Recent leucaena toxicity research and insights
For many years, it was generally regarded that the problem of leucaena toxicity in Australia had been solved with the widespread use of the commercial inoculum containing S. jonesii. However, early in the new millennium, reports emerged of some cattle deaths and symptoms of DHP toxicity in cattle browsing lush leucaena in Australia. This led to a survey of the urinary DHP levels in more than 40 cattle herds previously inoculated with S. jonesii and grazing leucaena (41). Nearly 50% of the herds had urinary concentrations of DHP >100 µg/mL, which was indicative of subclinical toxicity, and high levels of both 3,4- and 2,3-DHP were often detected. Similarly high levels of urinary DHP (3,4- and 2,3-DHP) have been observed in village goats, cattle, and buffalo herds in India, eastern Indonesia, and Thailand without signs of toxicity (42–44).
In response to these findings, new PCR-based assays were developed and refined over several years using both 16S rDNA/rRNA as template for the detection of S. jonesii (45–47).

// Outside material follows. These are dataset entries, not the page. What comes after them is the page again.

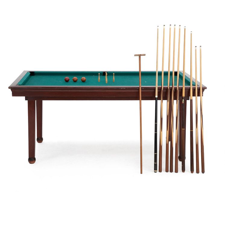 "Kvarter" billardbord med kanter af mahogni. Medfølgende kugler, kegler og køer. 20. årh.s begyndelse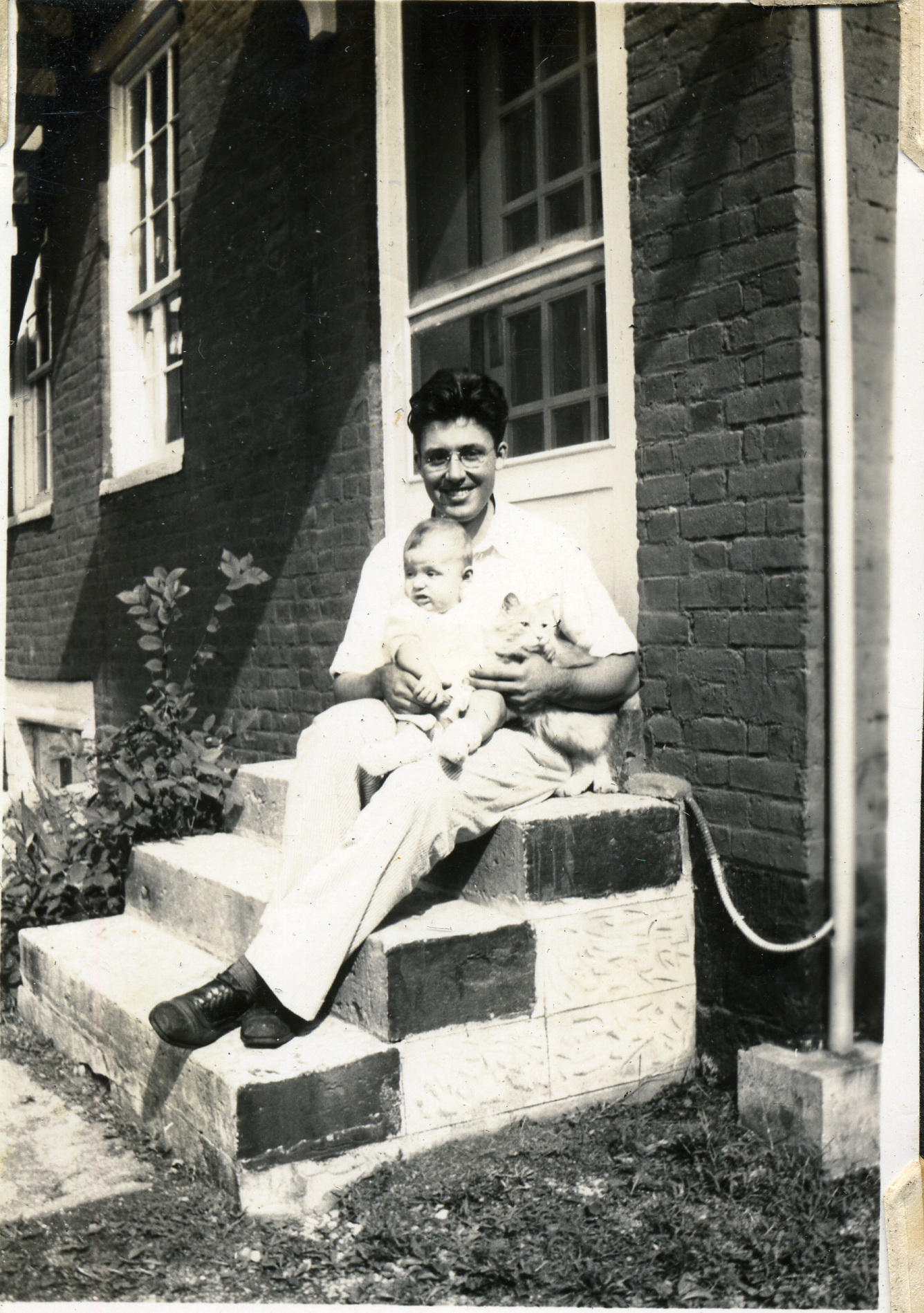 - Dr. Elizabeth Henderson and son, Harold, in front of Laurel House, c. 1946. Grace Rood Album. [rood_040.jpg]
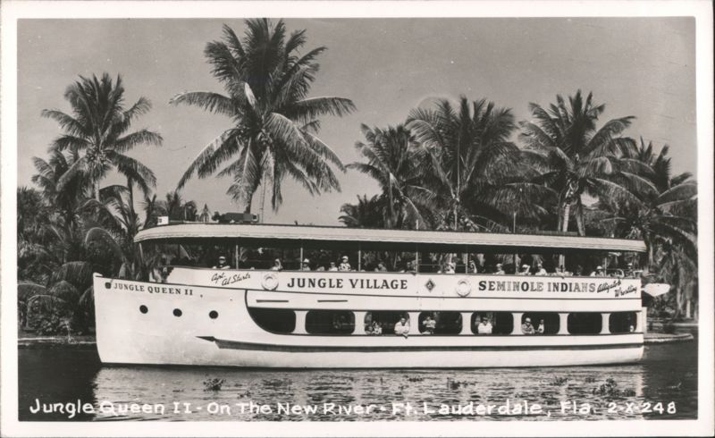 Passengers on a tour boat with text advertising 'Jungle Village', 'Seminole Indians' and 'Alligator Wrestling'. The boat is surrounded by palm trees. Handwritten text reads 'Capt. Al Starts'.

Initially, to improve the sensitivity and specificity of detection, Graham et al. (45) used a nested PCR approach to monitor the presence of S. jonesii in cattle from several northern Australian properties. Less than 10% of the cattle tested were positive for S. jonesii, even though DHP degradation was evident both before and after inoculation with the bacterium. Using a similar assay for a survey of several ruminant species resident in different countries, it was concluded that S. jonesii appears to be indigenous to all types of ruminants and geographical regions (46). Later, using even more sensitive RNA-based RT-PCR assays for a survey of ruminants from different countries supported the observation that S. jonesii is ubiquitous rather than isolated geographically (47). These surveys also confirmed that the bacterium is usually present as a minor population of about ?106 cells/mL of rumen fluid. S. jonesii has also been detected in several non-ruminant herbivores (6).

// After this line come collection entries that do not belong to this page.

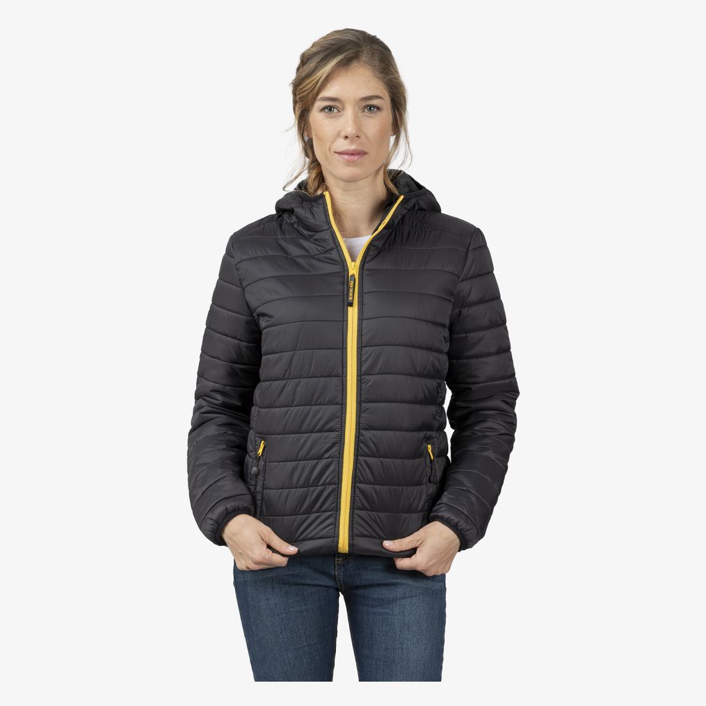 La Pacific Women doudoune légère femme à capuche convient aux usages quotidiens et aux déplacements par temps frais, avec effet coupe-vent, poches extérieures et intérieures, et poignets élastiqués. Extérieur : 100% nylon 15D. Intérieur : 100% polyester taffetas matelassé.
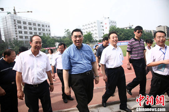 7月11日下午,澳门特首崔世安率领政府代表团抵达四川,代表团将于11日至14日期间前往成都、绵阳、广元等地震灾区,视察多个由澳门特区政府资助的援建项目,并出席川澳灾后重建高层工作会议。图为澳门特首崔世安(中)抵达澳门特区援助的绵阳市南山中学参观。中新社发 张浪 摄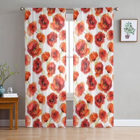 Тюлевые прозрачные шторы с цветочным растением и маком для украшения гостиной, занавески для комнаты, спальни, кухни, вуаль, занавески из органзы 135W x 114H(cm)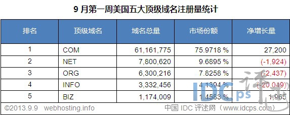 (圖1)中美五大頂級域名注冊量統計(截至2013-9-9)

It is generally accepted that the ability to degrade DHP is dependent upon the presence of S. jonesii in the rumen, even though it has been reported that other bacteria (Clostridium spp., Lactobacillus spp., Streptococcus spp., and Klebsiella spp.) can degrade DHP (48–52). However, the ability of any of these isolates to detoxify DHP has not been verified independently, nor do the isolates still appear to be in collections. Nevertheless, it is feasible that bacteria other than S. jonesii exist that can metabolize either isomer of DHP or both. In this regard, M. J. Allison et al. (53) observed that rumen fluid from some cattle in Florida, USA, that did not have exposure to leucaena degraded 2,3-DHP but not the 3,4 isomer, while others degraded neither. These cattle had been introduced to the Sub-tropical Research Station in Florida from the US Virgin Islands. Cattle in tropical regions of the USA (US Virgin Islands) and Haiti where leucaena was growing were more likely to degrade both DHP isomers (53).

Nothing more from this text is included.